» **EXERCISE MATERIAL**

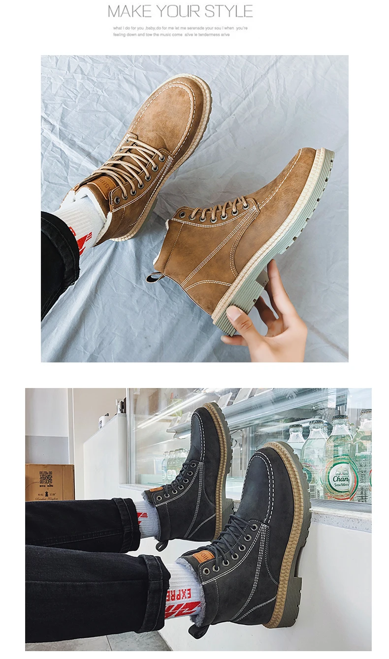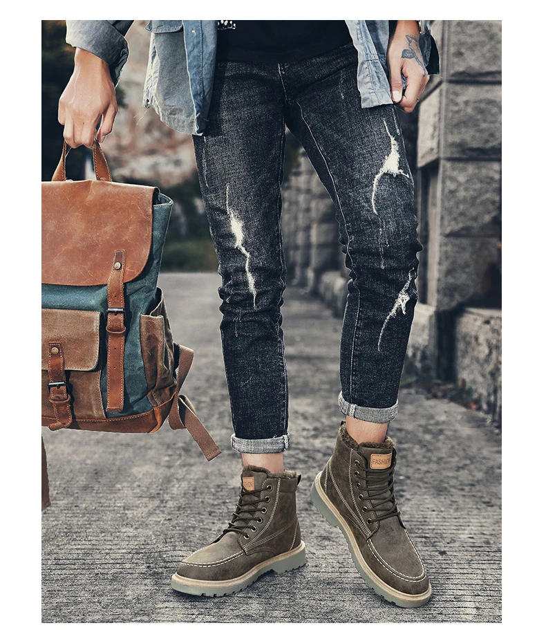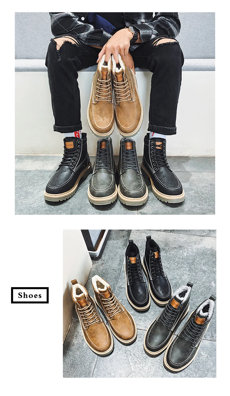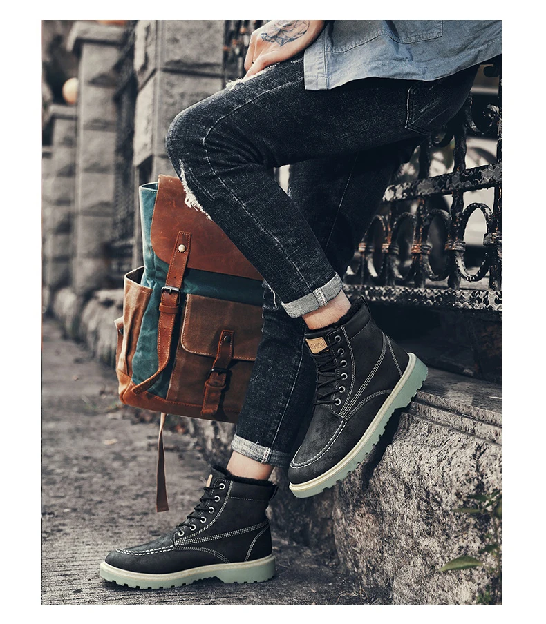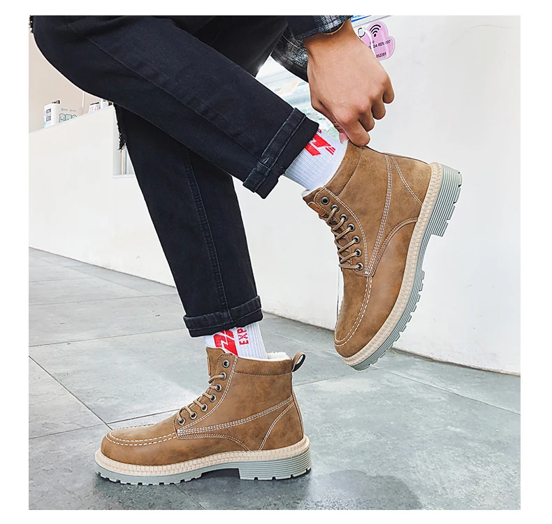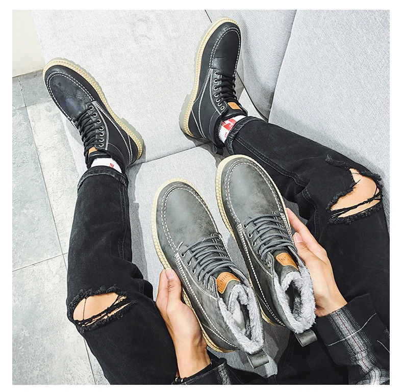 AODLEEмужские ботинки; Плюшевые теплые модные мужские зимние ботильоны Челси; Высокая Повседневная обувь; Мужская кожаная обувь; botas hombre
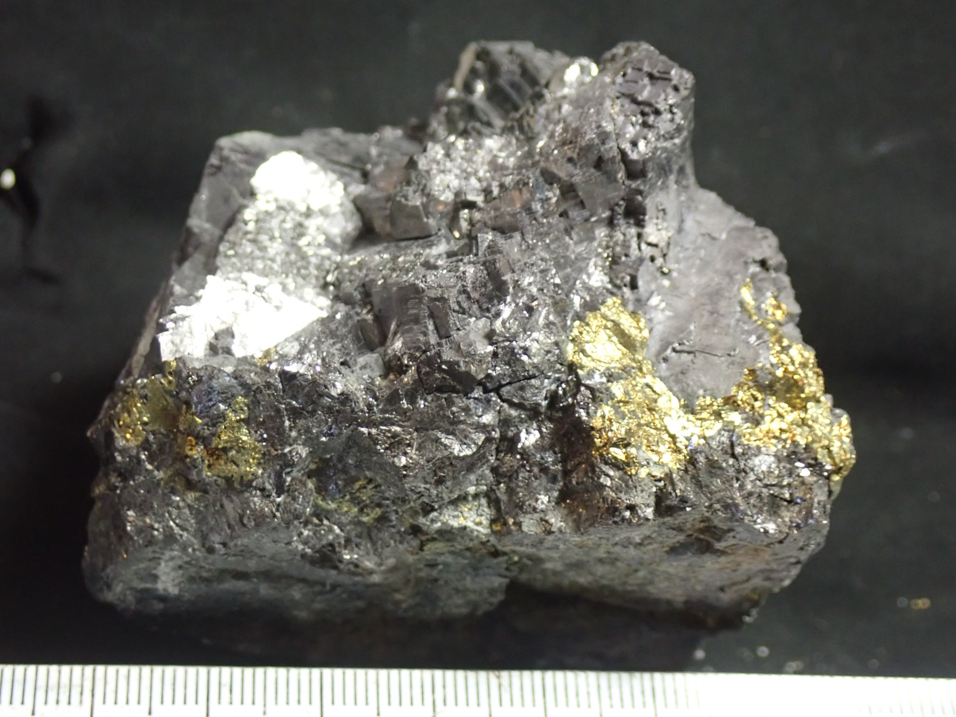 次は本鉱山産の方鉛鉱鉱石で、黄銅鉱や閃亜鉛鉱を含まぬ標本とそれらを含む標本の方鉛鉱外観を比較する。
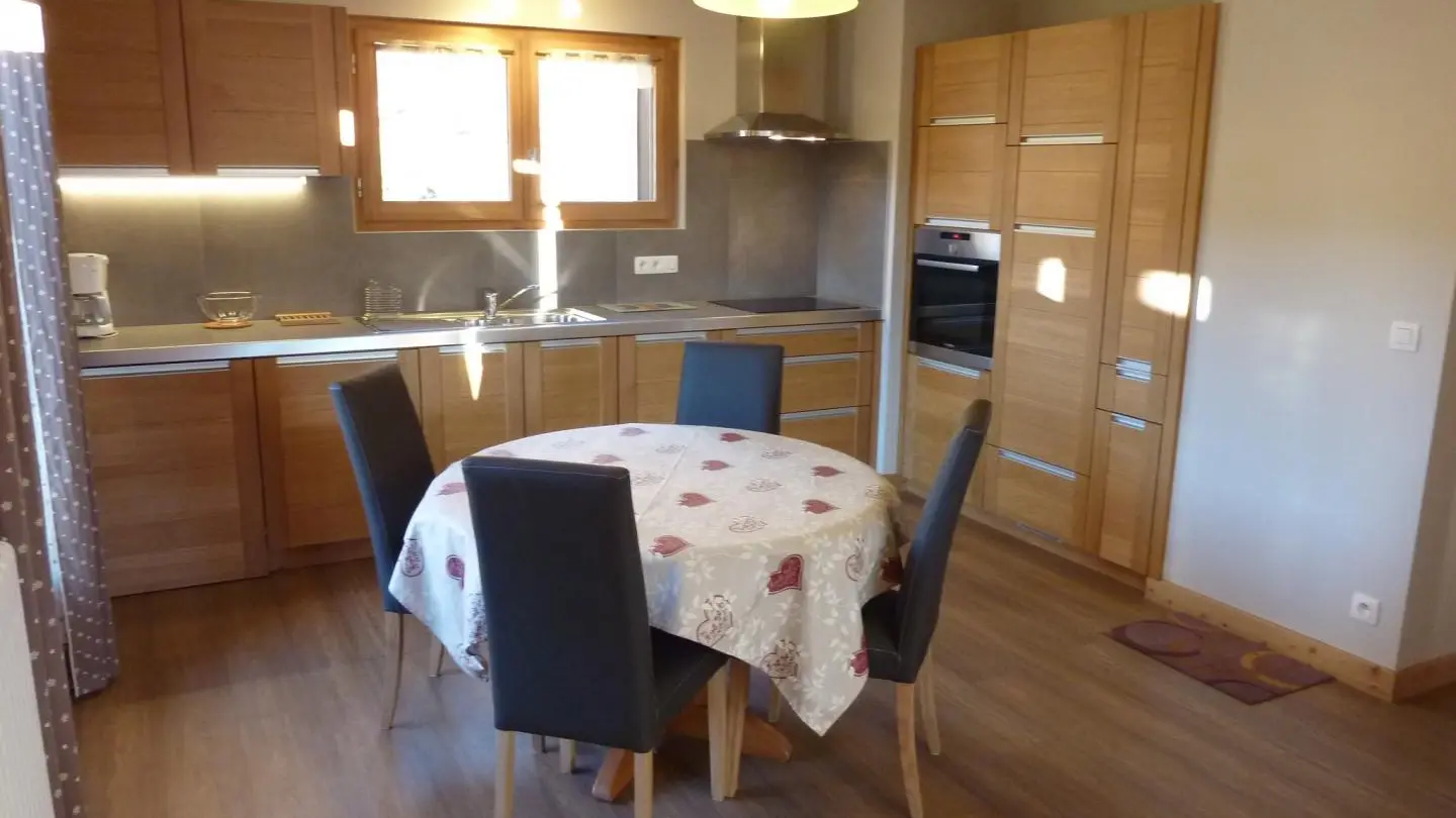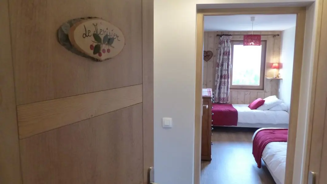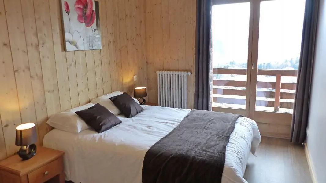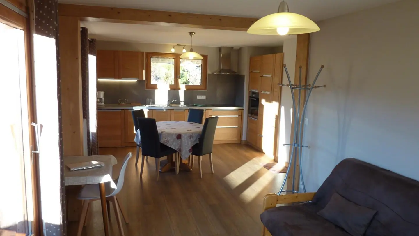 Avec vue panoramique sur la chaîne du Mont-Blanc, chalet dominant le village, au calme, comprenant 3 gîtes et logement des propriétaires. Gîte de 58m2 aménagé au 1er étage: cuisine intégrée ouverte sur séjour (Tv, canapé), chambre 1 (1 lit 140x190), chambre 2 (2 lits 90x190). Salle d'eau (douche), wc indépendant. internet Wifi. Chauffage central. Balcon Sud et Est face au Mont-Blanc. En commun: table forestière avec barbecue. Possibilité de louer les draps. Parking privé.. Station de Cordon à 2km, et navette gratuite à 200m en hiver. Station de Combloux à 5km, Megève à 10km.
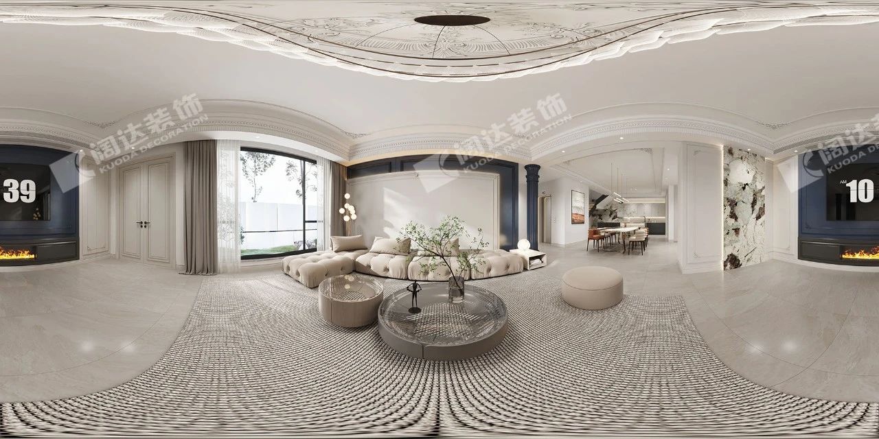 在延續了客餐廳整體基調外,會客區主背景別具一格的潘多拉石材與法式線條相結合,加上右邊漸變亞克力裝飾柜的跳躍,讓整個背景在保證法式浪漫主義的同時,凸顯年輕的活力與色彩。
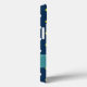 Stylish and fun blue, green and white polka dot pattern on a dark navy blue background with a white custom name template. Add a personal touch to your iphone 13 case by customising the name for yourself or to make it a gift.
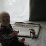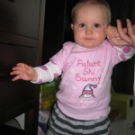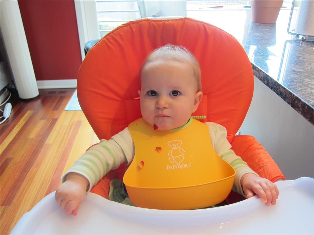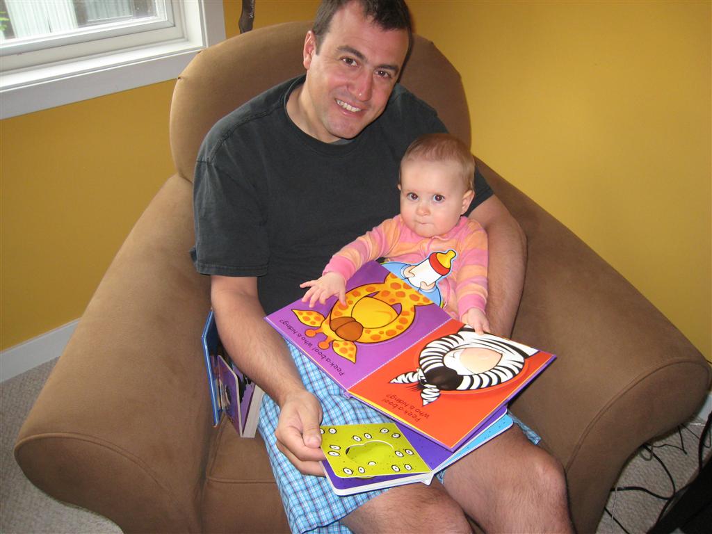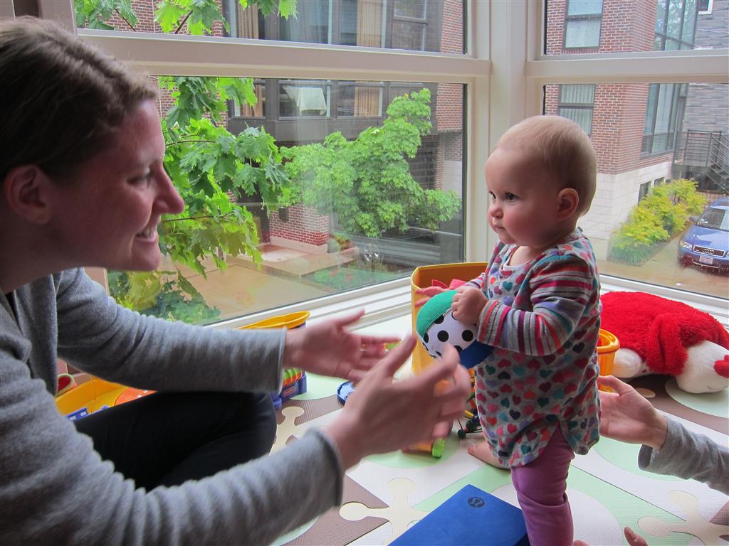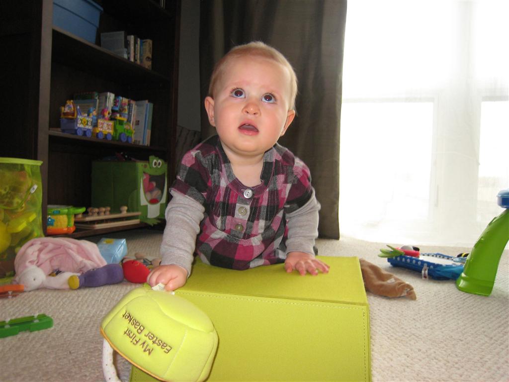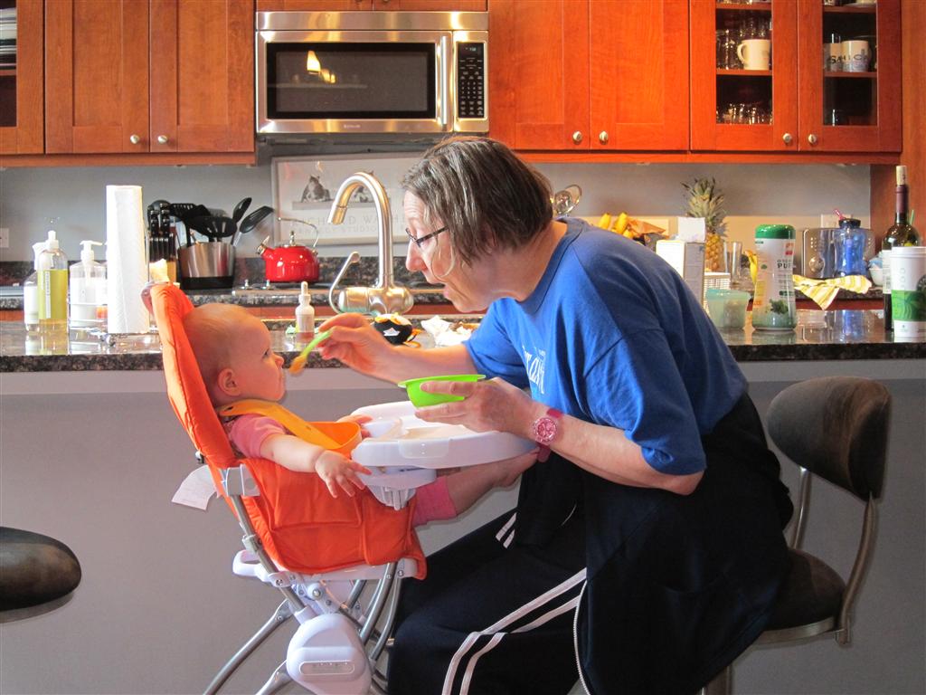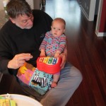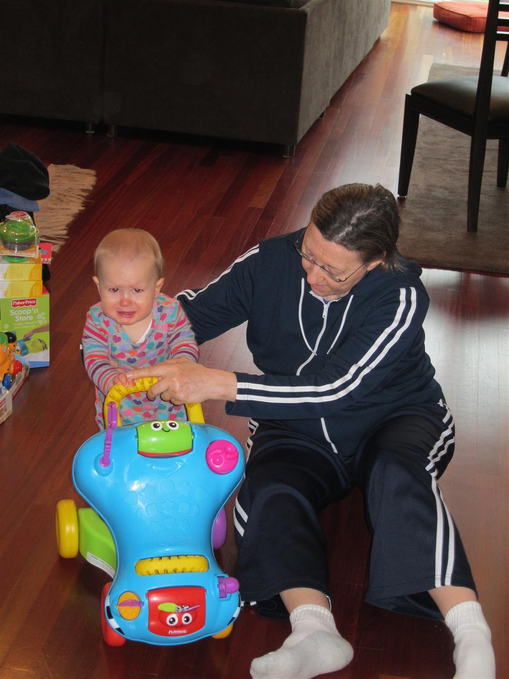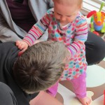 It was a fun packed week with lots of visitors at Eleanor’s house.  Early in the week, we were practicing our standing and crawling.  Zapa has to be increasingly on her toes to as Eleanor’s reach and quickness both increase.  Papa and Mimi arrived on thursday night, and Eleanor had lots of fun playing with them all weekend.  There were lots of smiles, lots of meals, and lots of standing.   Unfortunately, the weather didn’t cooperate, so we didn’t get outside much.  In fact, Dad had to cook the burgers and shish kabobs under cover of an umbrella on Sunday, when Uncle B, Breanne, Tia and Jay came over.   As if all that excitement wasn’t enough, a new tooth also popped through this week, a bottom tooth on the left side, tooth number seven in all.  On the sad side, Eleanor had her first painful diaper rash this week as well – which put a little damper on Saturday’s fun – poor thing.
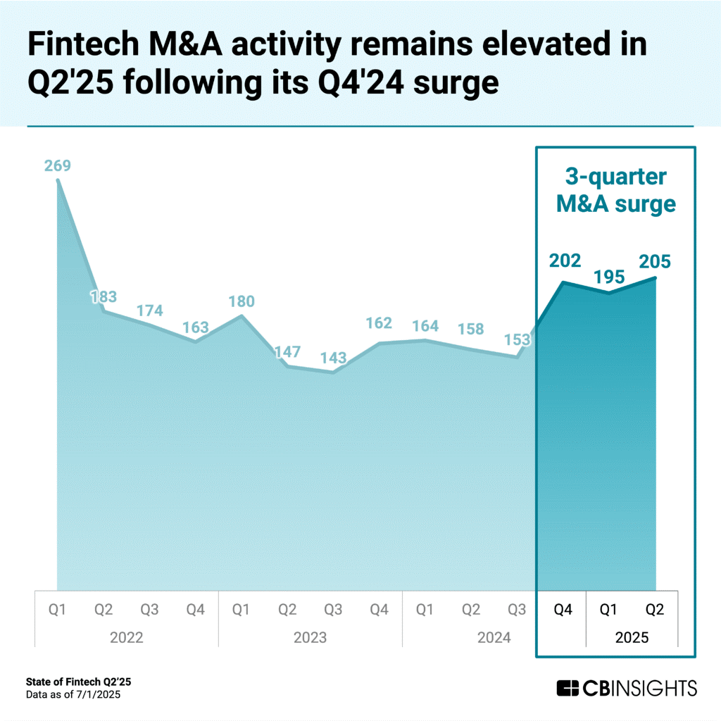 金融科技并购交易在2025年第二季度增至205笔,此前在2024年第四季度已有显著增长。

» **WHAT YOU HAVE TO DO**
Look above for the line with "Avec vue panoramique" and the line with "Stylish and fun"; set down those two lines and all lines between them exactly, without pictures and without anything else.

» **SOLUTION TO THE EXERCISE**
 Avec vue panoramique sur la chaîne du Mont-Blanc, chalet dominant le village, au calme, comprenant 3 gîtes et logement des propriétaires. Gîte de 58m2 aménagé au 1er étage: cuisine intégrée ouverte sur séjour (Tv, canapé), chambre 1 (1 lit 140x190), chambre 2 (2 lits 90x190). Salle d'eau (douche), wc indépendant. internet Wifi. Chauffage central. Balcon Sud et Est face au Mont-Blanc. En commun: table forestière avec barbecue. Possibilité de louer les draps. Parking privé.. Station de Cordon à 2km, et navette gratuite à 200m en hiver. Station de Combloux à 5km, Megève à 10km.
 在延續了客餐廳整體基調外,會客區主背景別具一格的潘多拉石材與法式線條相結合,加上右邊漸變亞克力裝飾柜的跳躍,讓整個背景在保證法式浪漫主義的同時,凸顯年輕的活力與色彩。
 Stylish and fun blue, green and white polka dot pattern on a dark navy blue background with a white custom name template. Add a personal touch to your iphone 13 case by customising the name for yourself or to make it a gift.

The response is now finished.